++++ DATASET

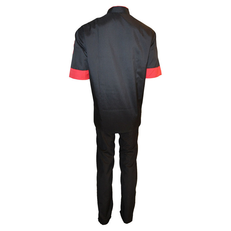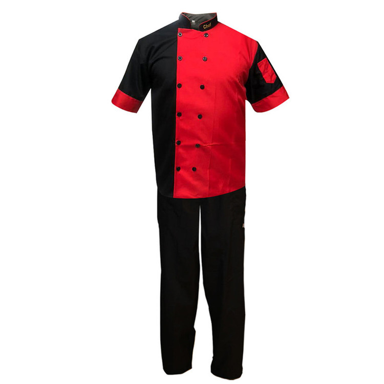 سایر توضیحات: روپوش آشپزی مشکی قرمز با شلوار مشکی
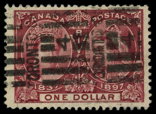 1897, Queen Victoria Jubilee, $1 lake (Scott 61), roller cancel; crease, Very Fine. Scott $750. (Image)
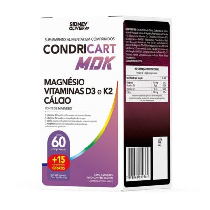 Modo de Uso Condricart MDK 60 comprimidos + 15 grátis Sidney Oliveira. Suplemento alimentar em comprimidos de Cálcio, Magnésio, Zinco, Vitaminas D3 e K2 para auxiliar na saúde dos ossos. - O Cálcio auxilia na formaçã
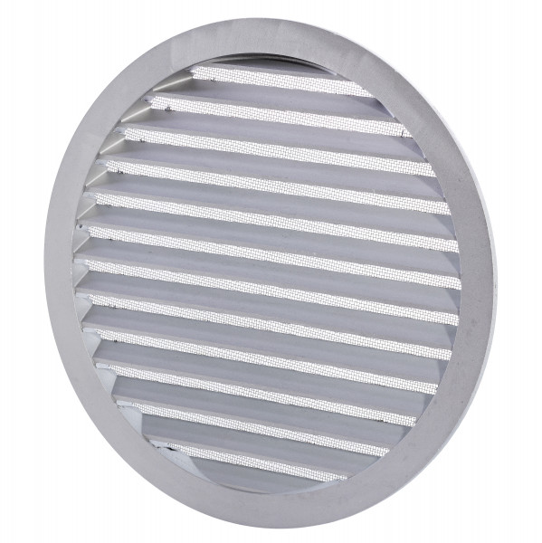 Strong round cast aluminum exterior wall grille for various ventilation applications, both for supply and exhaust of ventilation air.
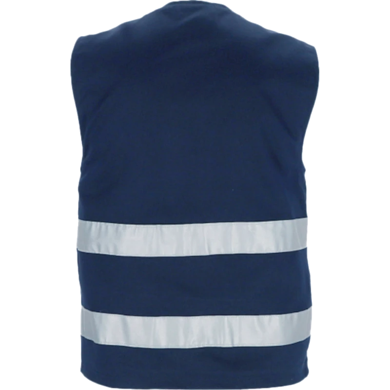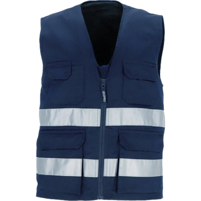 Colete azul-marinho com bolsos frontais e duas faixas retrorrefletoras horizontais.
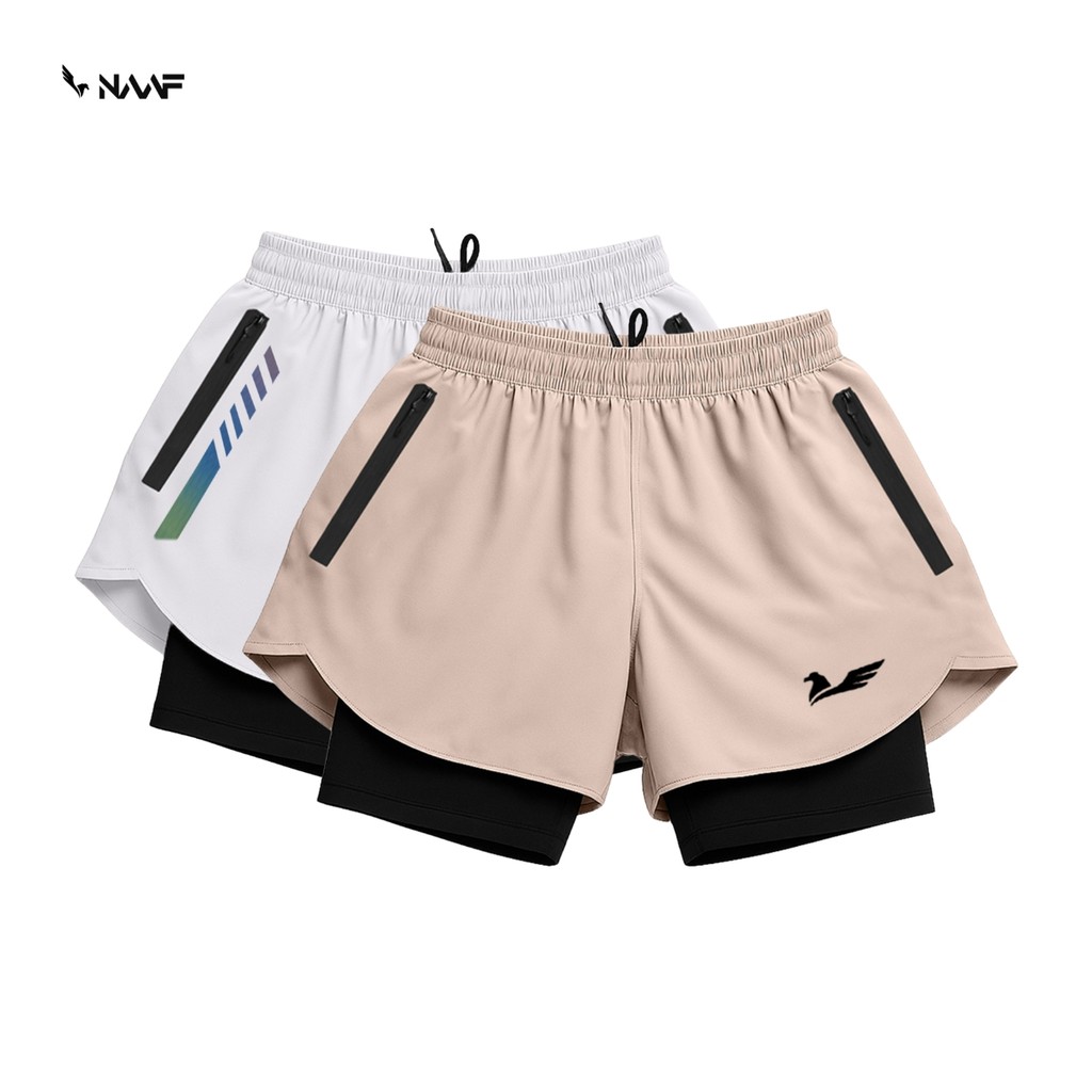 Naaf - Celana Pendek 2In1 Legging Wanita Olahraga Lari Jogging Badmintoon Running Pinggang Full Stretch Premium

++++++++

#### TASK DETAILS
Copy all the material above exactly, but skip each image.

#### RESPONSE AREA
 سایر توضیحات: روپوش آشپزی مشکی قرمز با شلوار مشکی
 1897, Queen Victoria Jubilee, $1 lake (Scott 61), roller cancel; crease, Very Fine. Scott $750. (Image)
 Modo de Uso Condricart MDK 60 comprimidos + 15 grátis Sidney Oliveira. Suplemento alimentar em comprimidos de Cálcio, Magnésio, Zinco, Vitaminas D3 e K2 para auxiliar na saúde dos ossos. - O Cálcio auxilia na formaçã
 Strong round cast aluminum exterior wall grille for various ventilation applications, both for supply and exhaust of ventilation air.
 Colete azul-marinho com bolsos frontais e duas faixas retrorrefletoras horizontais.
 Naaf - Celana Pendek 2In1 Legging Wanita Olahraga Lari Jogging Badmintoon Running Pinggang Full Stretch Premium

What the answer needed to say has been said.